**Records supplied:**

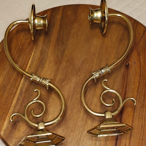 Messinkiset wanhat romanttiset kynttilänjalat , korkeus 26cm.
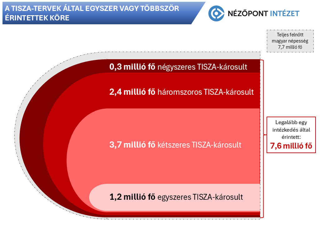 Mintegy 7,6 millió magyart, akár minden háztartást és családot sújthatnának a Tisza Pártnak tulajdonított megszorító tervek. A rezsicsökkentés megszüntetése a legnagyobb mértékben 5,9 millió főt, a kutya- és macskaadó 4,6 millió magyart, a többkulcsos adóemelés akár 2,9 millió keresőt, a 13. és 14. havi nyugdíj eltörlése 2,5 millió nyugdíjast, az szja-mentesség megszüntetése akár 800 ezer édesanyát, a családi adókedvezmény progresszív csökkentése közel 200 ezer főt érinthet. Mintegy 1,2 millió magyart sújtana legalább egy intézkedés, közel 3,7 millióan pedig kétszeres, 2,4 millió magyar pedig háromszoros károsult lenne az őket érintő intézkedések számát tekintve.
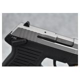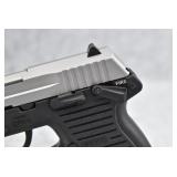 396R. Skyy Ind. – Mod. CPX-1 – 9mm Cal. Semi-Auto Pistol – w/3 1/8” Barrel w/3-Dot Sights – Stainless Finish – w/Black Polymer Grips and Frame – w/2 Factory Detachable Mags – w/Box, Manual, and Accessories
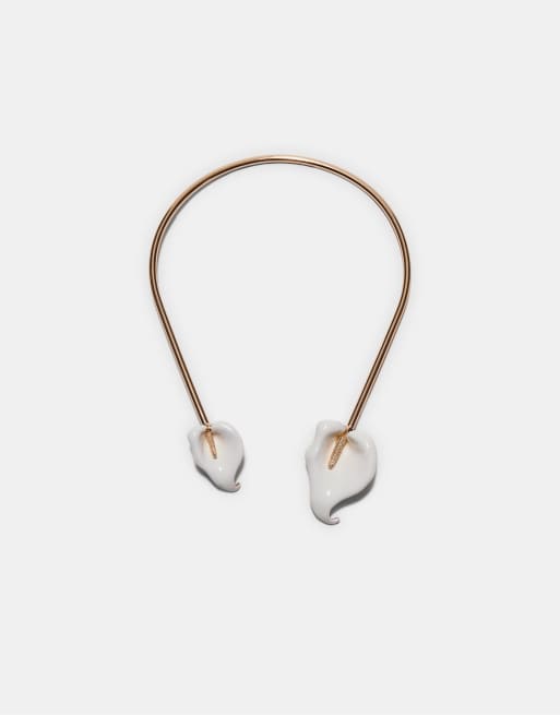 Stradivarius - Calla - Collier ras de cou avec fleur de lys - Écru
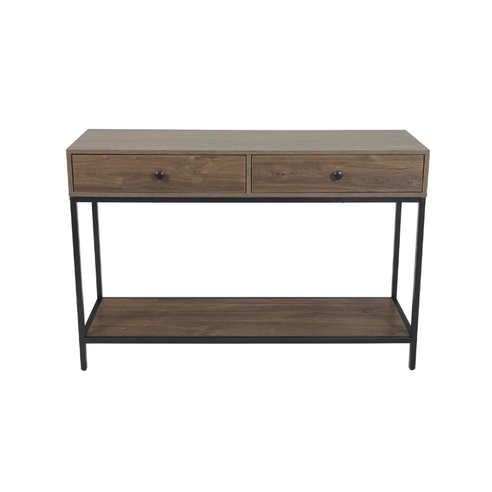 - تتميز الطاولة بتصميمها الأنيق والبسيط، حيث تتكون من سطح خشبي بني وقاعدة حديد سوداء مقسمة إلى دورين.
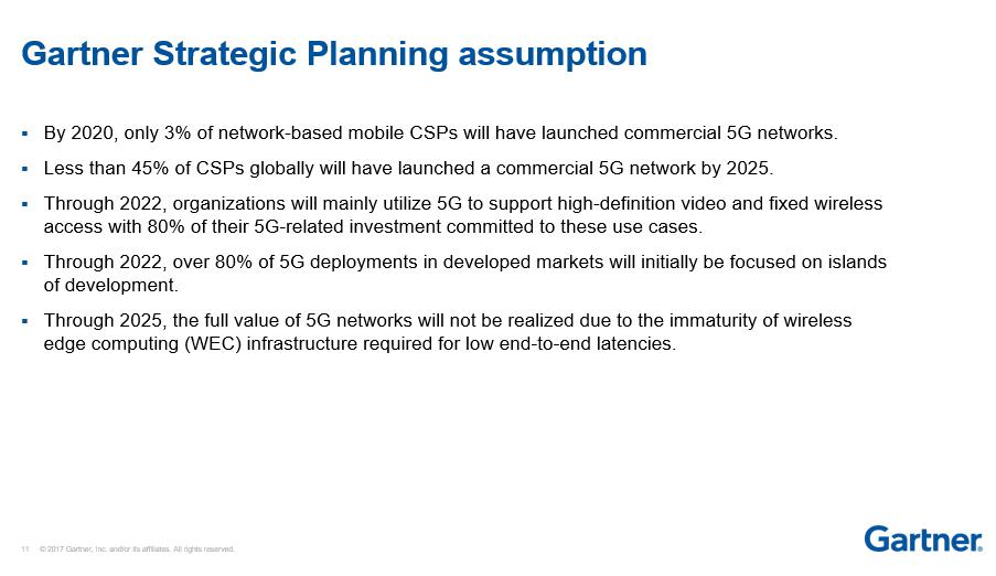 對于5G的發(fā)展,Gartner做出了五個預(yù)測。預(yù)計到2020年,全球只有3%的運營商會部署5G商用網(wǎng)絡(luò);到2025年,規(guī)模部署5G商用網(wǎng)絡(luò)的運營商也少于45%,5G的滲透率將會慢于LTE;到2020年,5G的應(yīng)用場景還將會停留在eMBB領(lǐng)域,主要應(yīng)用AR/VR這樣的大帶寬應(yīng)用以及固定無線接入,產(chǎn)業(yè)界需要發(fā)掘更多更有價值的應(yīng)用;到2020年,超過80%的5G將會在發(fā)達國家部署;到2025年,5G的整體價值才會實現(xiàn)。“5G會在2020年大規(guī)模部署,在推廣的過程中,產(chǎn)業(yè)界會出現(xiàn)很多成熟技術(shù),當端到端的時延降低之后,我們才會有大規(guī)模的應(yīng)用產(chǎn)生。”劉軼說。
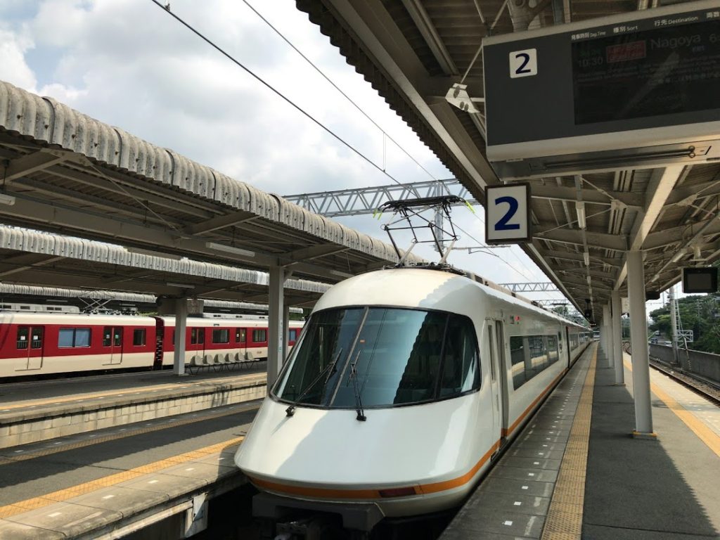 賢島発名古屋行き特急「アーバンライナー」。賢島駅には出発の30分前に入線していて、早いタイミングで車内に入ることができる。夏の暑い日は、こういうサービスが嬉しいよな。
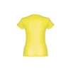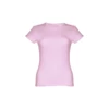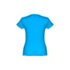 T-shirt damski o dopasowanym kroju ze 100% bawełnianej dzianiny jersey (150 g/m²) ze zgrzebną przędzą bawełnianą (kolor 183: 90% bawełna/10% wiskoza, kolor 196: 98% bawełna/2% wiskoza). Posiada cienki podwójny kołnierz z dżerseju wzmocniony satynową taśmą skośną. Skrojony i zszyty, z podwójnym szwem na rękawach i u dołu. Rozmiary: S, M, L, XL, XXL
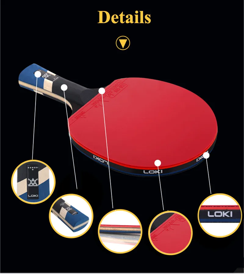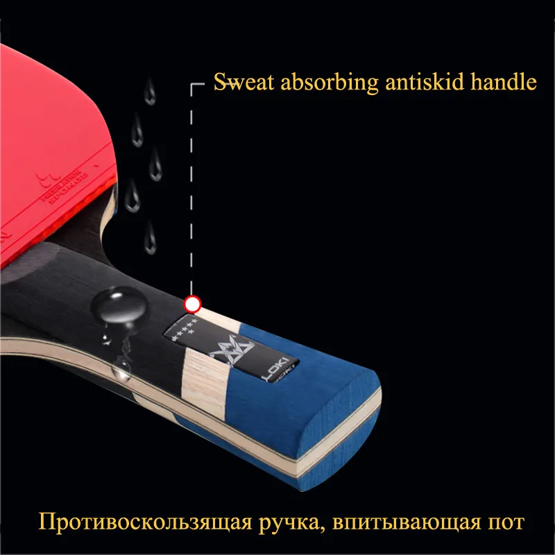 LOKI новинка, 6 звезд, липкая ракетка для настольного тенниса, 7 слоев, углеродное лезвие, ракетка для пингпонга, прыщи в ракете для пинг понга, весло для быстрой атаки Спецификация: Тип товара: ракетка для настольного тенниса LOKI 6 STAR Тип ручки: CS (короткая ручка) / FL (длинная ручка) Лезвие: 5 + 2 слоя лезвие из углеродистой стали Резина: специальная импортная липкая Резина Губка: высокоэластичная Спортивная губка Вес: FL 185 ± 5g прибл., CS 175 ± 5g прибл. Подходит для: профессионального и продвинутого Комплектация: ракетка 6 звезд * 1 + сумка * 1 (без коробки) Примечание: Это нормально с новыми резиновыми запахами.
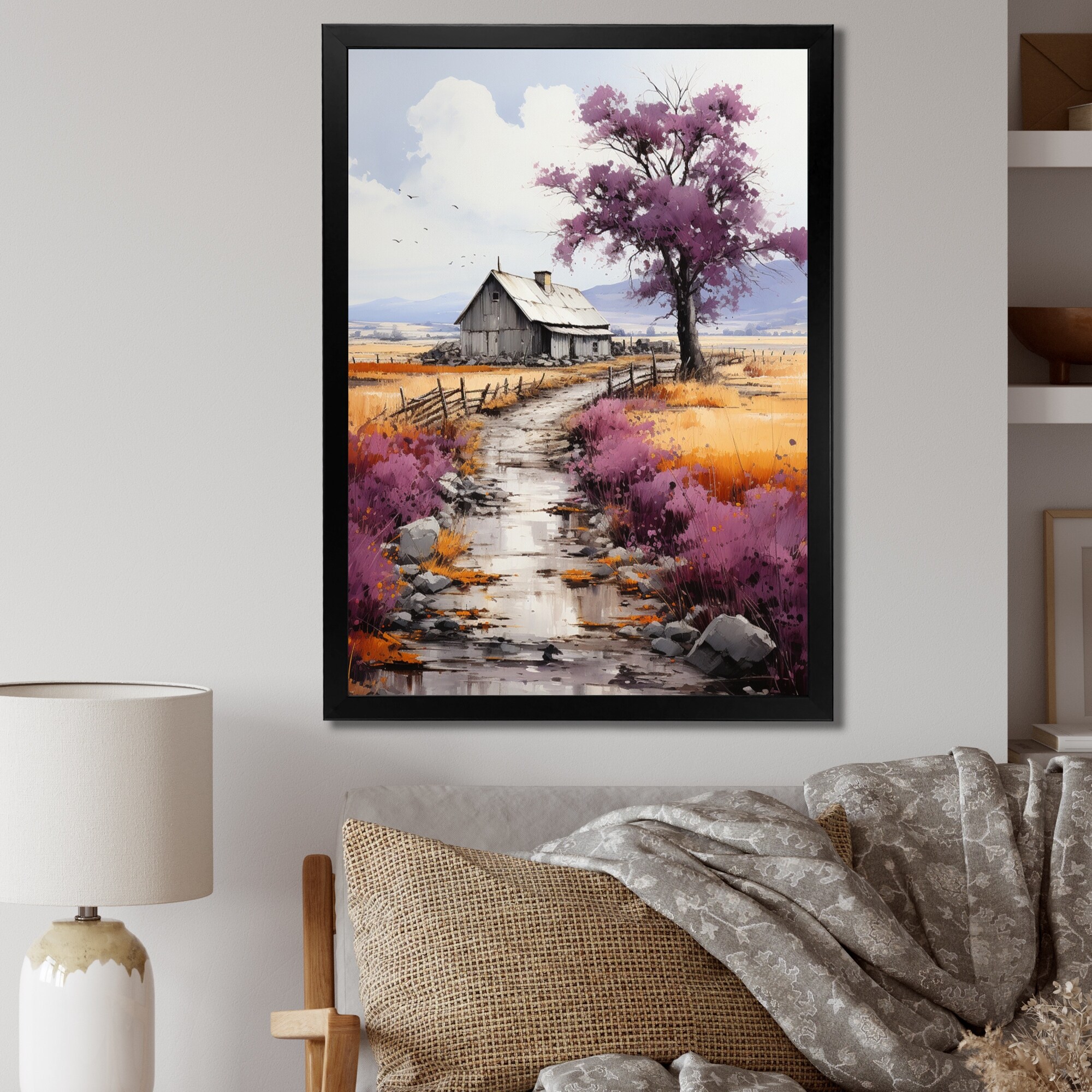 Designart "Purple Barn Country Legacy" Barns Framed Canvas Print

...

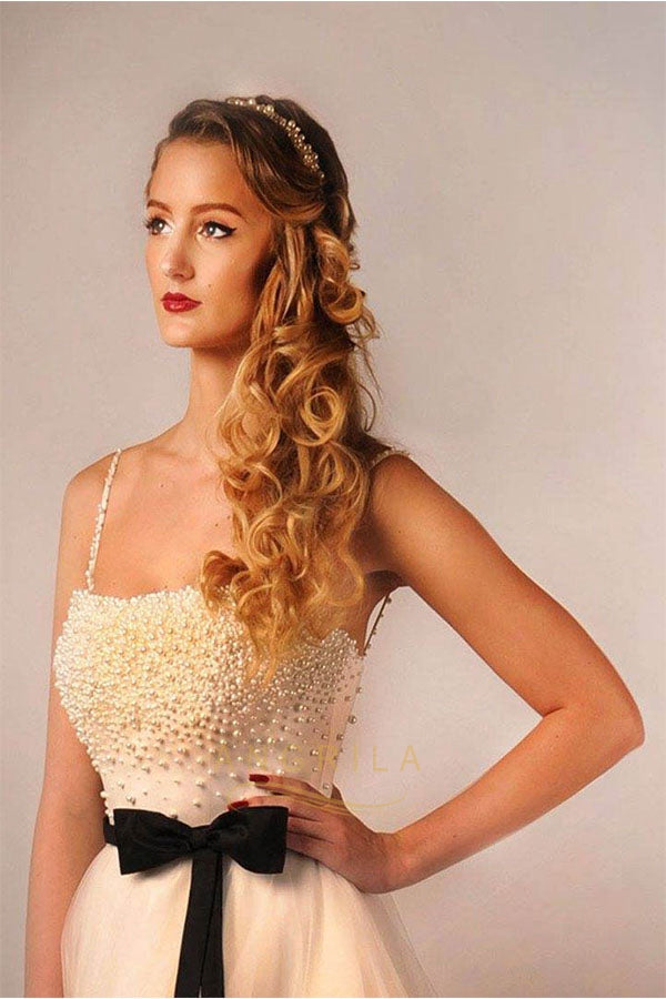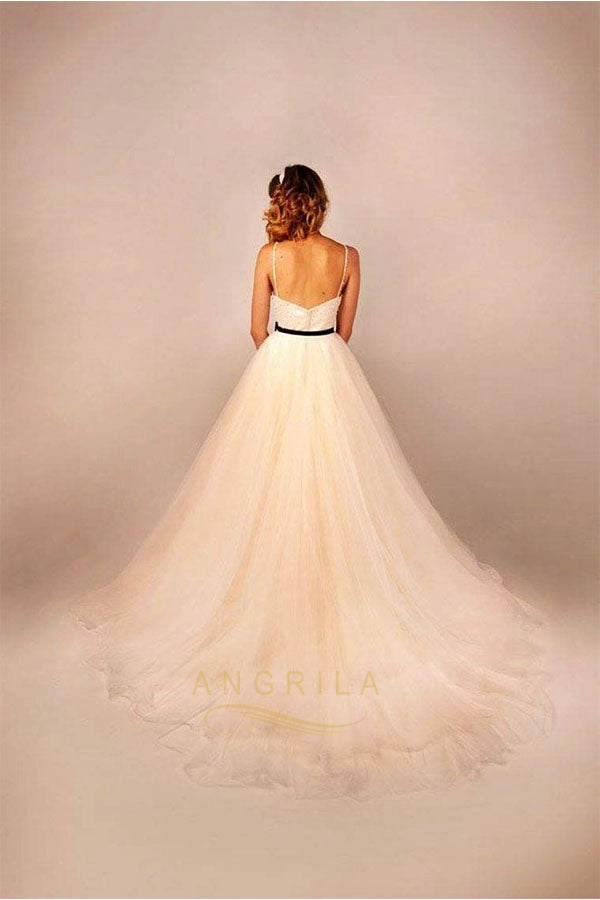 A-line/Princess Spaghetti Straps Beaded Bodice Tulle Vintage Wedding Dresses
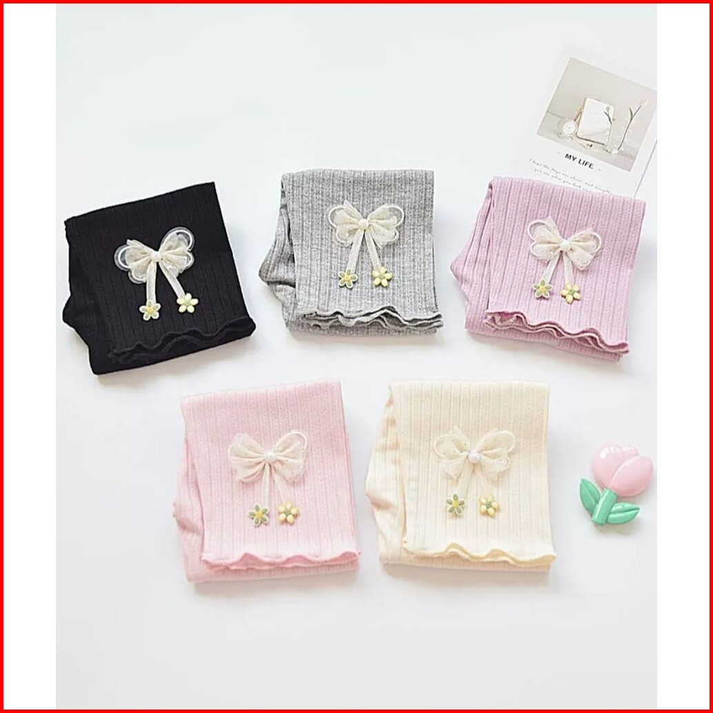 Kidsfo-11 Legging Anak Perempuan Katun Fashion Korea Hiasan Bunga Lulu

**Exercise description:** Given the records above, return the lines starting at the one that holds "賢島発名古屋行き特急「アーバ" and ending at the one that holds "T-shirt damski o", exactly, and nothing besides; leave every picture out.

**Response below:**
 賢島発名古屋行き特急「アーバンライナー」。賢島駅には出発の30分前に入線していて、早いタイミングで車内に入ることができる。夏の暑い日は、こういうサービスが嬉しいよな。
 T-shirt damski o dopasowanym kroju ze 100% bawełnianej dzianiny jersey (150 g/m²) ze zgrzebną przędzą bawełnianą (kolor 183: 90% bawełna/10% wiskoza, kolor 196: 98% bawełna/2% wiskoza). Posiada cienki podwójny kołnierz z dżerseju wzmocniony satynową taśmą skośną. Skrojony i zszyty, z podwójnym szwem na rękawach i u dołu. Rozmiary: S, M, L, XL, XXL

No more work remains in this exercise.